The current approach will also fail when building with tools like ubsan
(undefined behavior sanitizer).

The standard way to compute offsets of struct members is the offsetof
macro but it seems it's not supported by Cython so I've used the
approach described here:

https://mail.python.org/pipermail/cython-devel/2013-April/003505.html

Accessing a member through a null pointer is undefined behavior, even if no actual memory access is performed (like in this case, where it was used only for offset computation). See the following link for an explanation: https://software.intel.com/content/www/us/en/develop/blogs/null-pointer-dereferencing-causes-undefined-behavior.html The current approach will also fail when building with tools like ubsan (undefined behavior sanitizer). The standard way to compute offsets of struct members is the offsetof macro but it seems it's not supported by Cython so I've used the approach described here: https://mail.python.org/pipermail/cython-devel/2013-April/003505.html

slackito · 2020-05-28T18:39:15Z

Ping

thomasjpfan · 2020-06-01T22:01:24Z

sklearn/neighbors/_quad_tree.pyx

-        <Py_ssize_t> &(<Cell*> NULL).barycenter,
-        <Py_ssize_t> &(<Cell*> NULL).min_bounds,
-        <Py_ssize_t> &(<Cell*> NULL).max_bounds,
+        (<Py_ssize_t>&(dummy.parent) - <Py_ssize_t>&(dummy)),


The mailing list states to do this:

cdef Struct tmp cdef Py_ssize_t offset offset = <Py_ssize_t> (<Py_intptr_t>&(tmp.field) - <Py_intptr_t>&(tmp))

with castinig to Py_intptr_t first, do you think this is better?

Hi! Thanks for reviewing this.

I think some form of intptr_t is the right tool for the job, and I tried Py_intptr_t first, but I couldn't make it work because of 'Py_intptr_t' is not a type identifier errors when I tried to build.

I haven't been able to find Py_intptr_t available as an import anywhere, but I've digged a little more and I've found that we can import the actual C intptr_t type from libc.stdint and it works.

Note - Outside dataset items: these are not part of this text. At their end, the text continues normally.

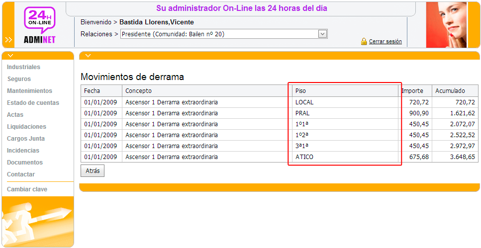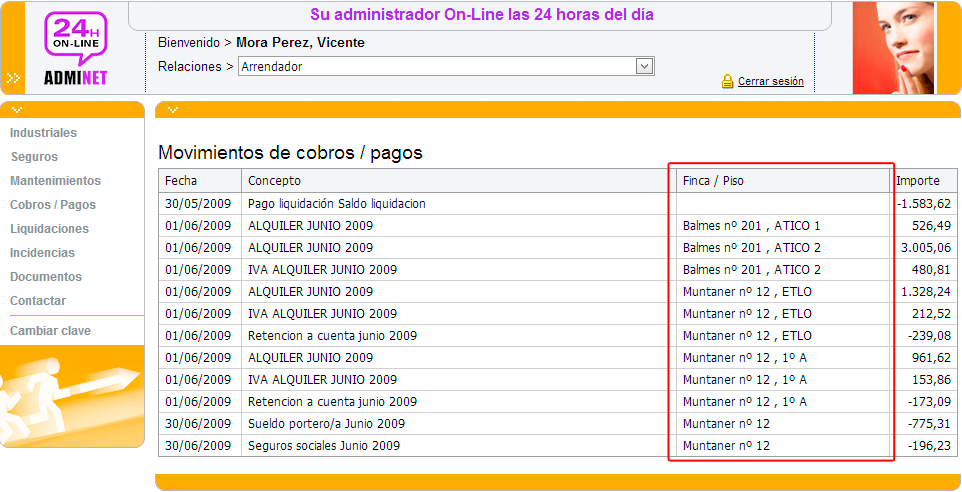 En las listas de cobros pagos de horizontal y vertical se ha añadido la columna Piso y Finca/Piso respectivamente. De esta manera podemos saber a que piso corresponde el cobro pago. En el supuesto que el cobro pago esté asociado a la comunidad o el arrendador, este campo estará vacío.
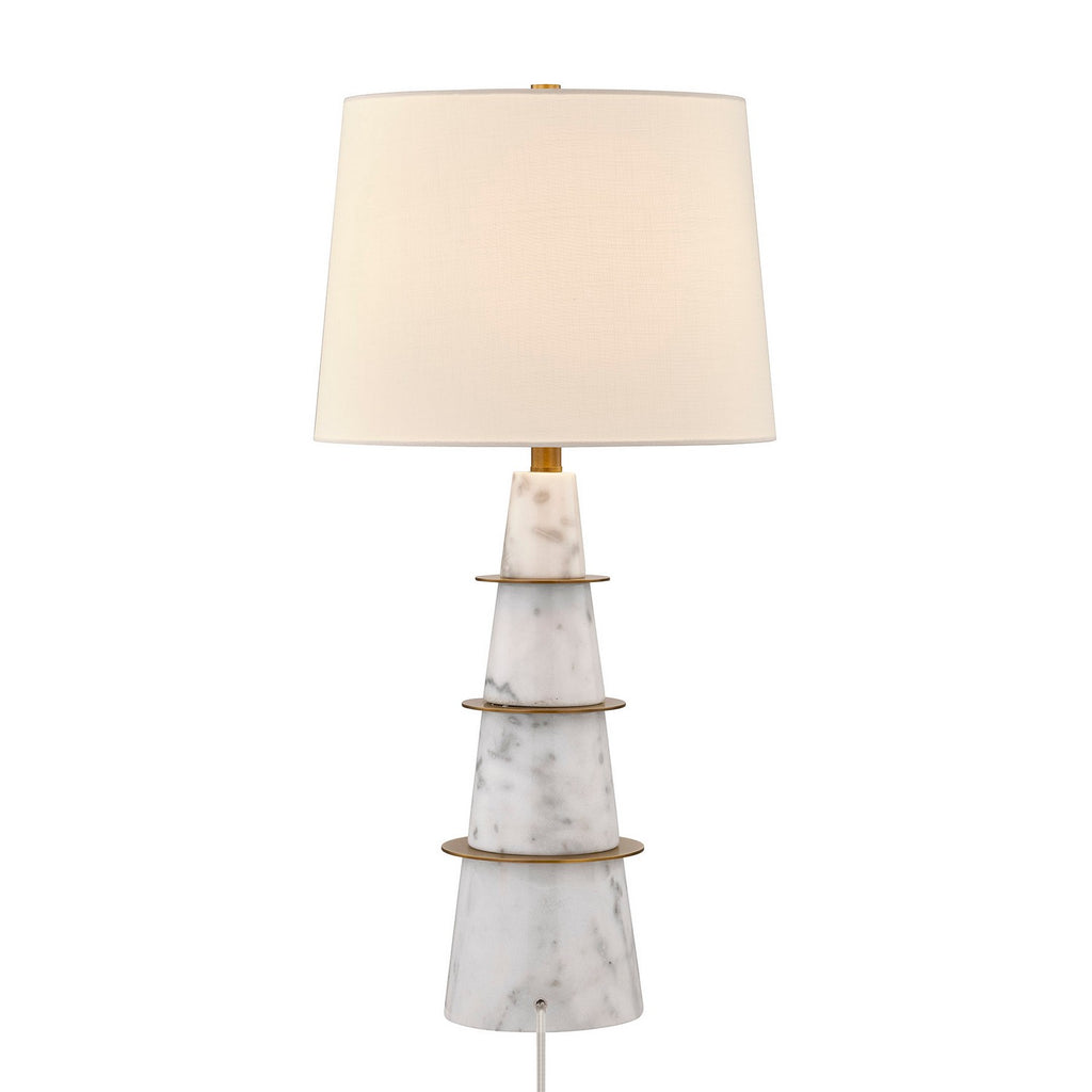 There is nothing quite like the timeless beauty and uniqueness of stone. This Duffield table lamp by Coco & Dash showcases stone in a conical body of marble, accentuated by a white fabric shade and three discs of plated brass that add another dimension of texture and finish. This lamp is 30" in height and 16" in width. It uses one standard size bulb of up to 100 watts. Bulb not included.
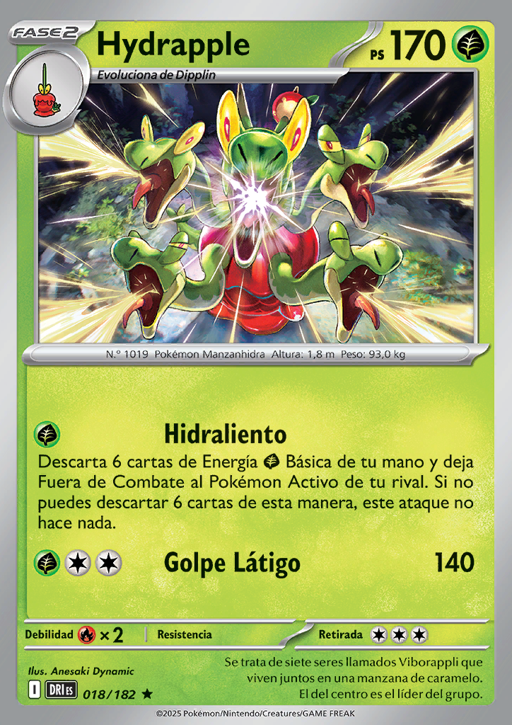 Hidraliento Descarta 6 cartas de Energía Básica de tu mano y deja Fuera de Combate al Pokémon Activo de tu rival. Si no puedes descartar 6 cartas de esta manera, este ataque no hace nada. |
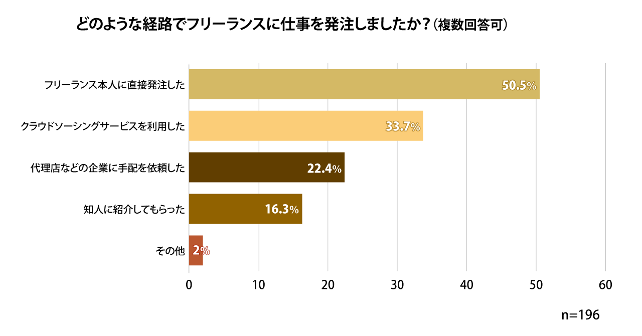 ・発注経路は「本人に直接発注」が最多となるも、発注の課題として「人材探しに時間がかかる」という回答が多い
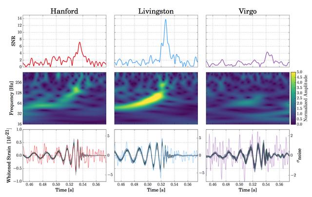 两个黑洞质量分别是30.5和25.3个太阳质量,合并后的质量约为53.2个太阳质量,也就是说,在极短的时间之内,大约有2.6个太阳质量以引力波的形式损失掉了。通过整个持续了大约0.25秒的波形振幅拟合,我们由此可以推断,此次双黑洞合并发生之处距离我们大约18亿光年。
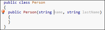 Notice two things here: the parameter names name and lastName are grayed out. It means that they are not (yet) used anywhere in our class. Also, notice the red bulb on the left side? That is my other best friend: the Action (Alt-Enter) key. Pressing Alt-Enter when will give this menu:
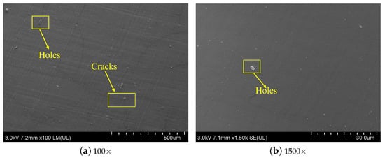 In this section, SEM was fully utilized to observe the micromorphology of silicone rubber samples before and after aging. Figure 10 shows the morphology of the surface of the silicone rubber aged specimen in contact with the compression device. After an aging temperature of 150 C and aging for 54 days, there are obvious cracks on the surface under low magnification, and holes can be seen under high magnification. While Figure 11 demonstrates the morphology of the surface of the aged silicone rubber specimen in contact with the air under the same conditions, it can be seen under low magnification that there are obvious cracks on the surface, and under high magnification, it can be seen that there is the emergence of holes and cracks, and both of them are deeper than the surface that is in contact with the compression device in the above figure.
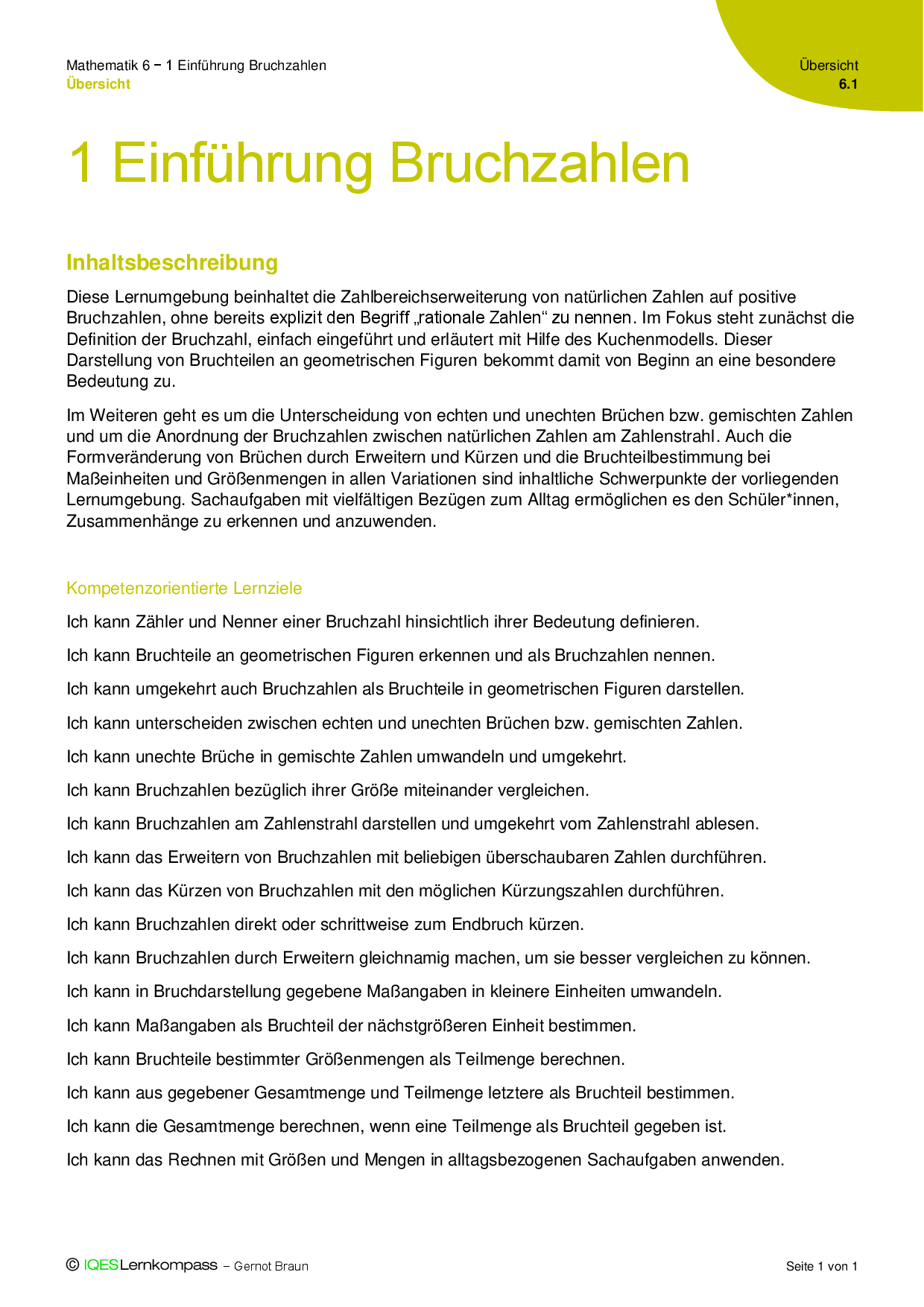 Lernziele und Inhalte: 6.1 Einführung Bruchzahlen
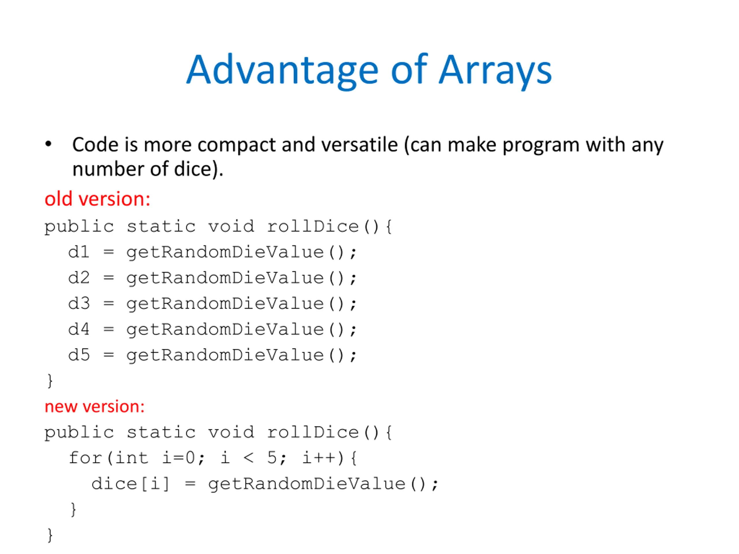 Advantage of Arrays Code is more compact and versatile (can make program with any number of dice). old version: public static void rollDice(){ d1 = getRandomDieValue(); d2 = getRandomDieValue(); d3 = getRandomDieValue(); d4 = getRandomDieValue(); d5 = getRandomDieValue(); } new version: public static void rollDice(){ for(int i=0; i < 5; i++){ dice[i] = getRandomDieValue(); } }

Should I go with that instead? Do you have any advice about where to get Py_intptr_t from?

I think the current implementation is okay. It could be that Py_ssize_t is typedefed to Py_intptr_t anyways:

https://github.com/cython/cython/blob/0a25de5b1023fd551f5e600583de8d8c87b7796d/Cython/Utility/MemoryView.pyx#L37

Sorry for the github newbie question: if you think the current implementation is okay should I mark this conversation as resolved?

I personally do not resolve them on my PRs, because resolved conversations are automatically hidden and could be interesting to other reviewers.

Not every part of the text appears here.